#### Required work:
Give back the full listing exactly, setting the pictures aside.

#### Supplied data:
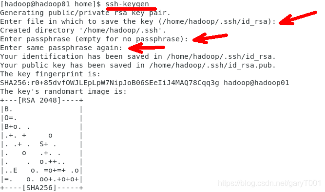 在hadoop1节点登陆hadoop用户,执行"ssh-keygen"命令;
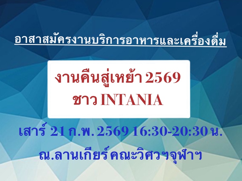อาสาสมัครงานบริการอาหารและเครื่องดื่ม งานคืนสู่เหย้า 2569 ชาว Intania
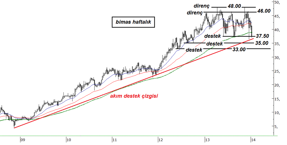 Uzun vadede destek “ 37.50 ” civarında. Son 100 haftalık H.O. desteği e orada. “ 48.00 “ civarında 2 tepe oluştu. Uzun vadeli grafikte görüldüğü kadarıyla “ 46.00 “ da zirvelerin yarattığı direnç var. Son günlerdeki olayların etkisi altında kalmış da olabilir. Sert düşüş gerçekleşmiş ortalamaya doğru. Destekler “ 35.00 ve 33.00 “ de ama akım destek çizgisinin ve uzun vadeli ortalamanın altına inmesi ilk defa gerçekleşmiş olacak ve dikkat gerektirebilir.

#### Expected output:
 在hadoop1节点登陆hadoop用户,执行"ssh-keygen"命令;
อาสาสมัครงานบริการอาหารและเครื่องดื่ม งานคืนสู่เหย้า 2569 ชาว Intania
 Uzun vadede destek “ 37.50 ” civarında. Son 100 haftalık H.O. desteği e orada. “ 48.00 “ civarında 2 tepe oluştu. Uzun vadeli grafikte görüldüğü kadarıyla “ 46.00 “ da zirvelerin yarattığı direnç var. Son günlerdeki olayların etkisi altında kalmış da olabilir. Sert düşüş gerçekleşmiş ortalamaya doğru. Destekler “ 35.00 ve 33.00 “ de ama akım destek çizgisinin ve uzun vadeli ortalamanın altına inmesi ilk defa gerçekleşmiş olacak ve dikkat gerektirebilir.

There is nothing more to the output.